テルマエ・ロマエ 70点

テルマエ・ロマエ 通常盤 [DVD]

古代ローマの浴場の設計士が現代日本にタイムスリップ。温泉や銭湯などのお風呂文化に感銘を受け次々と革新的な浴場を作り出すという話だ。面白いとは聞いていたんだけどさ、どうもその面白さが想像できないんで、ずっと見てなかったんだよねえ。でも最近よく温泉に行くからよ、その流れで見たんだけどよ、いゃ~面白かった!。完成度高い。そしてすっごく個性的な映画だねえこれは。

この映画もタイムスリップ物って言えると思うんだけど、こういう過去と現代を行き来するようなストーリーはそれこそ傑作がごろごろしていて、やり尽くされた感があるんだよね。それをお風呂の世界という一分野だけに絞り込むっていうやり方がとても新鮮だった。こういう設定なら主人公は料理人だとか、まだ他にもいろいろできるかもしれない。

限定ものということで風呂文化や古代ローマの雑学的な面白さを引き出せる反面、ニッチなスキマ産業みたいな作品になってしまう危険があるわけだ。わざわざ映画にする必要があるのか?って。

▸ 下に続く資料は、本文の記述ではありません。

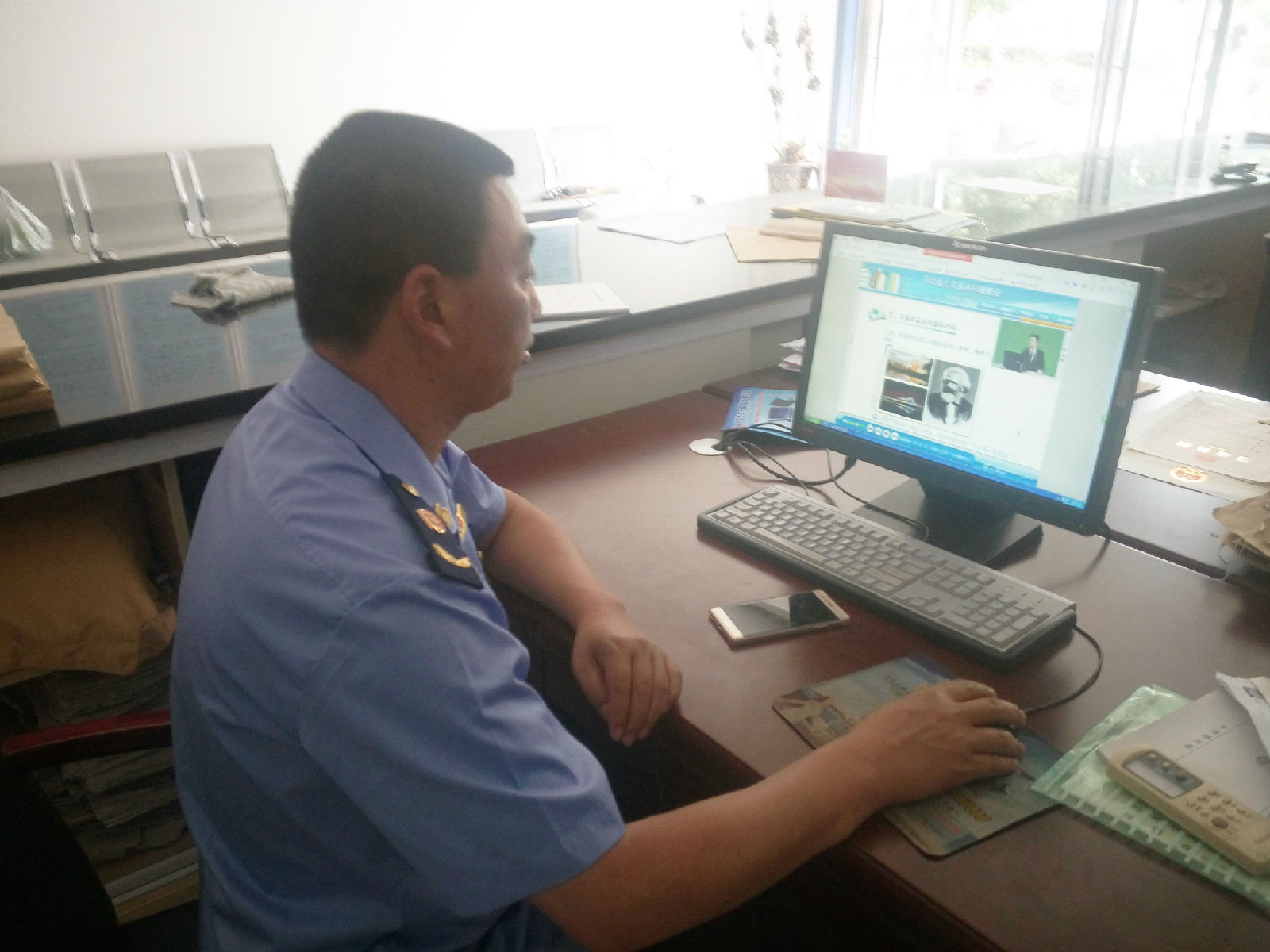 君召所在工作之余,所长带领同志们在网络上学习党章党规,国家政策,理论知识,业务知识。同志们认真学习,热情讨论,积极性高涨。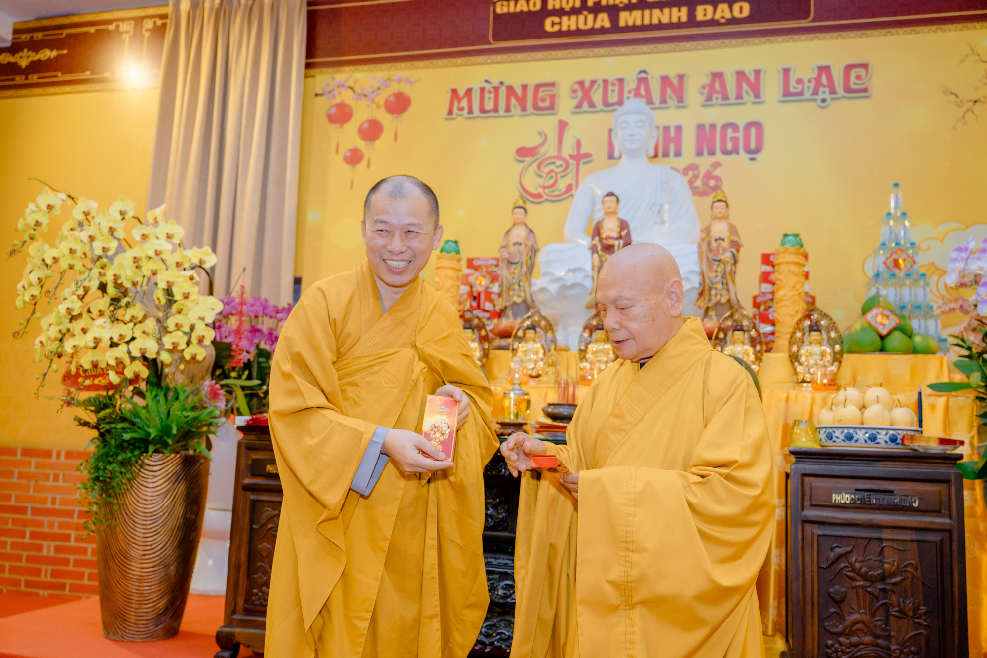 Cuối lời, Trưởng lão Hòa thượng Chủ tịch gửi lời chúc mừng năm mới đến toàn thể chư Tôn đức trong đoàn, cầu nguyện hồng ân Tam bảo gia hộ để mọi Phật sự đều thành tựu viên mãn, tinh thần đoàn kết hòa hợp ngày càng bền chặt, góp phần xây dựng và phát triển ngôi nhà chung Giáo hội Phật giáo Việt Nam ngày càng vững mạnh.

そこを古代ローマのシーンをとにかく豪華にすることで日本映画の枠をも越える大作感を出してしまった。イタリアの撮影所チネチッタの巨大セットで撮られた世界は「ベンハーか?」っていうぐらいスケールがでかい。そこからいきなり日本の下町の銭湯にやってくるという、その落差がものすごい。

この映画を今まで見なかったのは「カルチャーギャップ」でひたすら笑いを積み重ねていくってものを想像していたからなんだよね。主人公ルシウスが銭湯のケロヨンのたらいを見て「なんだこれは~」みたいな。そういうのが足し算的に続くのかなあって。たしかに「ギャップ」が面白さのポイントなんだけどそんな単純なものじゃあなかった。大帝国ローマと富士山の描かれた銭湯のもうありえないほどの違和感。日本人のことをどこかの奴隷の民族としか思っていないルシウスと日本の普通のご老人達のギャップ。ウォシュレットや泡風呂を古代ローマで再現するために奴隷を使うという人権意識のギャップも強烈。タイムスリップするときには壮大なオペラをテノール歌手が高らかに熱唱するのだけど映像は便器に人形が吸い込まれていくようなチープなものとか。そういう豪華さとチープさ。ヨーロッパ文化と和風のギャップが凄い。これはローマ側を本格的に描けたことでなりたってるなあ。

またローマ→日本→ローマ→日本というような単調な反復移動だけにならないようにメタフィクションな演出が付け加えられている。テノール歌手はこの映画の外側の世界にいるという設定で出演シーンなると急いで着替えたりとか、映画オリジナルキャラの上戸彩も原作者の漫画家ヤマザキマリさんが投影されているということで、いろいろな立体感をもった作品になってるんだよねえ。

古代ローマと現代日本をお風呂への情熱で繋ぐ。そんな未知なるアイディアからここまで面白い作品を作り上げたことに驚きました。